__YOUR GOAL__:
Can you transcribe the data exactly? Leave the pictures out.

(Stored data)

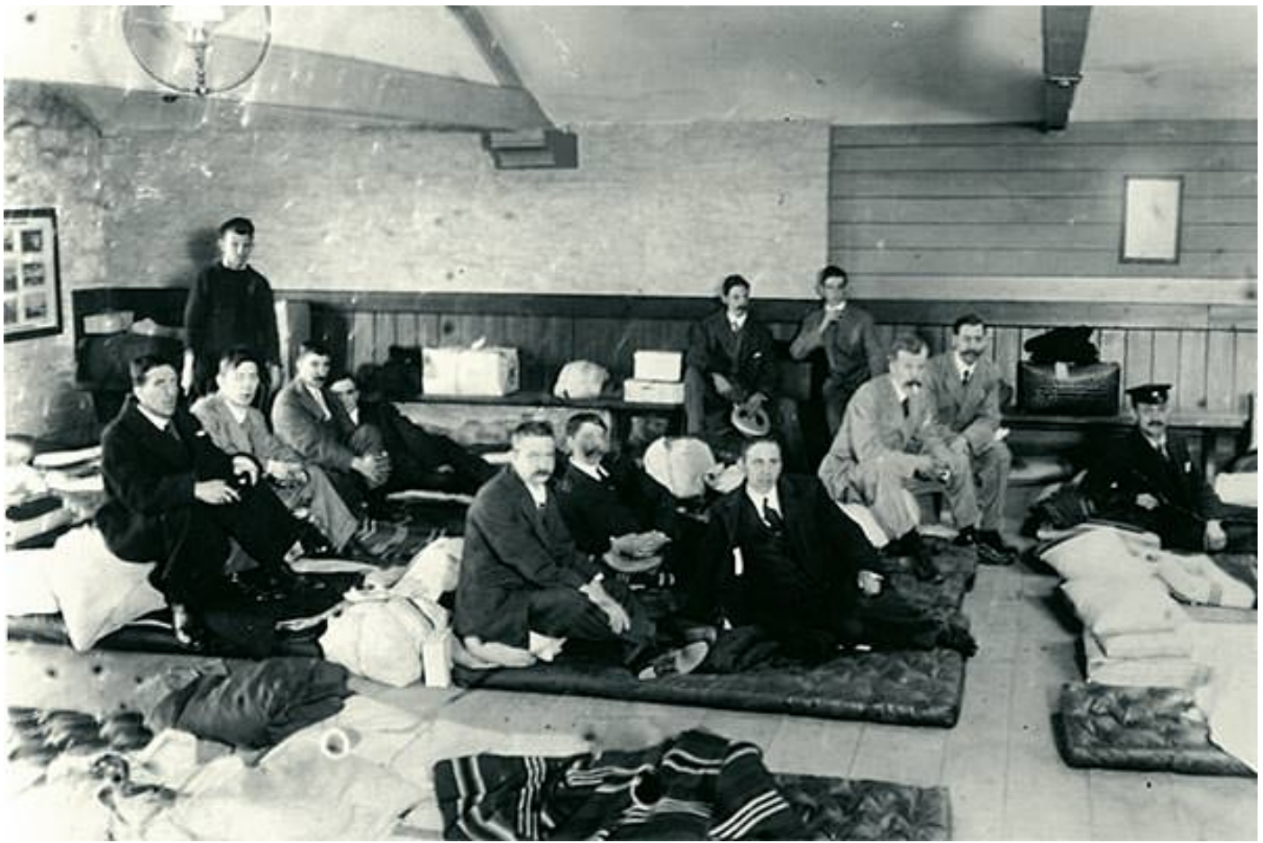
Above: Titanic survivors ashore at Millbay Docks, Plymouth, England, May 1912.

9 - the number of days spent in the search for survivors.
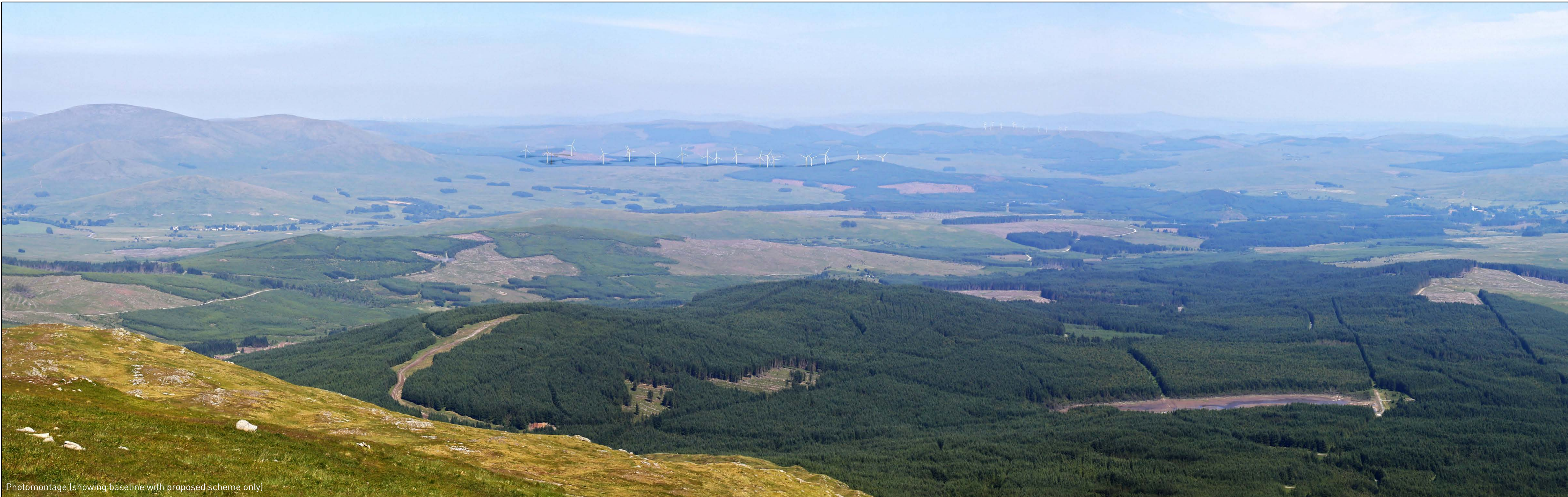
Photomontage (showing baseline with proposed scheme only)
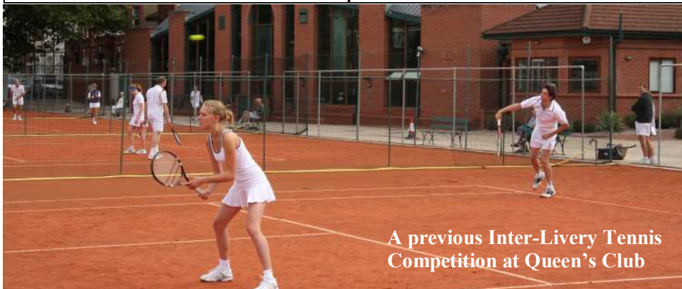
A previous Inter-Livery Tennis Competition at Queen's Club

Inter-Livery Tennis Competition at Queen's Club
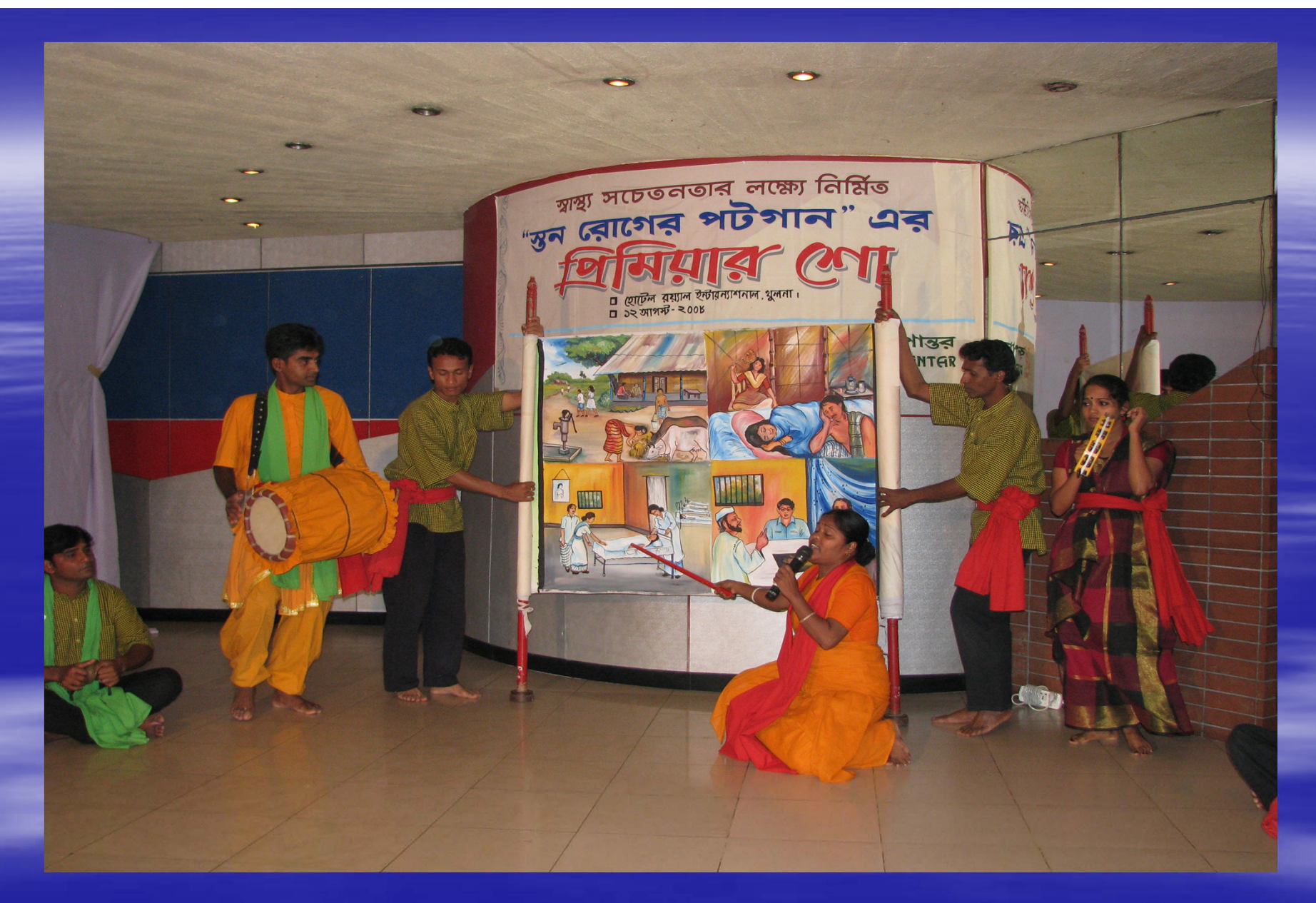
Cultural education: Rupantar Performance art "Pot Song" on Breast Problems
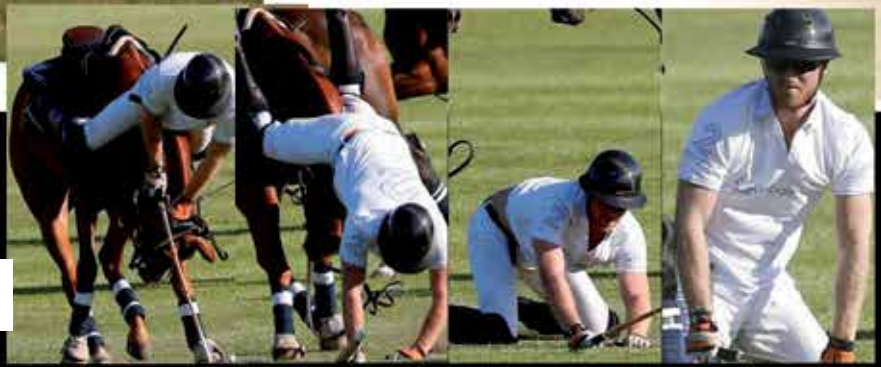
Prince Harry falls off during a fundraising polo match.
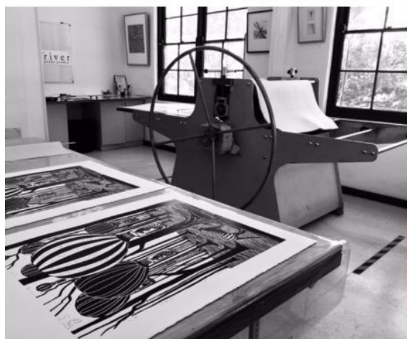
Work in situ
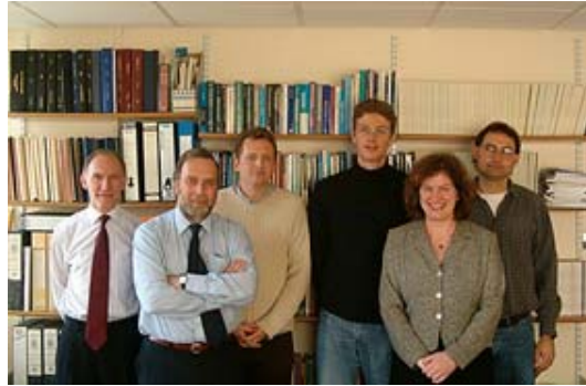
GEP Management Committee
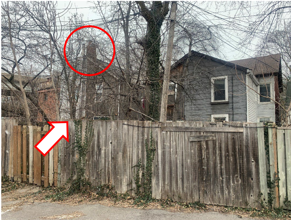
Image 14: Current photograph looking east at the rear (west) elevations of the properties at 6-8 Sumach Street, at right, and 10-12 Sumach Street, at left. The red circle indicates the same centred brick chimney, now truncated.
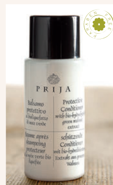
PET44CPR Protective Conditioner with bio-hydrolyzed green walnut extract 40 ml
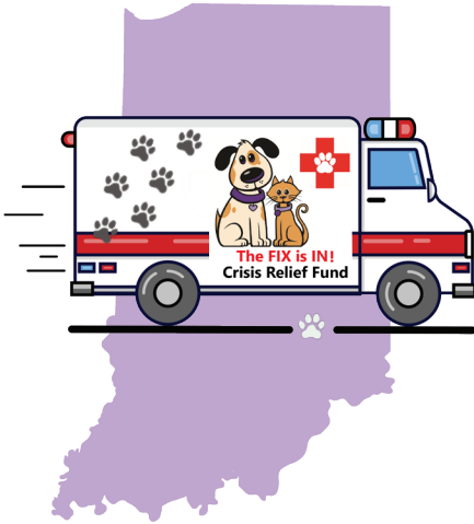
A partnership with Public Vet Mobile Clinic
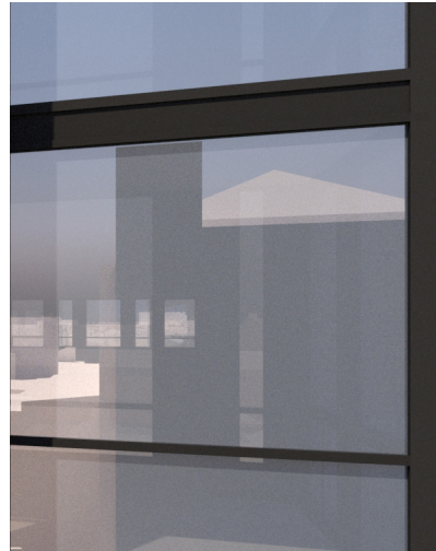
GL-1 GLASS SYSTEM

__EXERCISE ANSWER__:
Above: Titanic survivors ashore at Millbay Docks, Plymouth, England, May 1912.

9 - the number of days spent in the search for survivors.
Photomontage (showing baseline with proposed scheme only)
A previous Inter-Livery Tennis Competition at Queen's Club

Inter-Livery Tennis Competition at Queen's Club
Cultural education: Rupantar Performance art "Pot Song" on Breast Problems
Prince Harry falls off during a fundraising polo match.
Work in situ
GEP Management Committee
Image 14: Current photograph looking east at the rear (west) elevations of the properties at 6-8 Sumach Street, at right, and 10-12 Sumach Street, at left. The red circle indicates the same centred brick chimney, now truncated.
PET44CPR Protective Conditioner with bio-hydrolyzed green walnut extract 40 ml
A partnership with Public Vet Mobile Clinic
GL-1 GLASS SYSTEM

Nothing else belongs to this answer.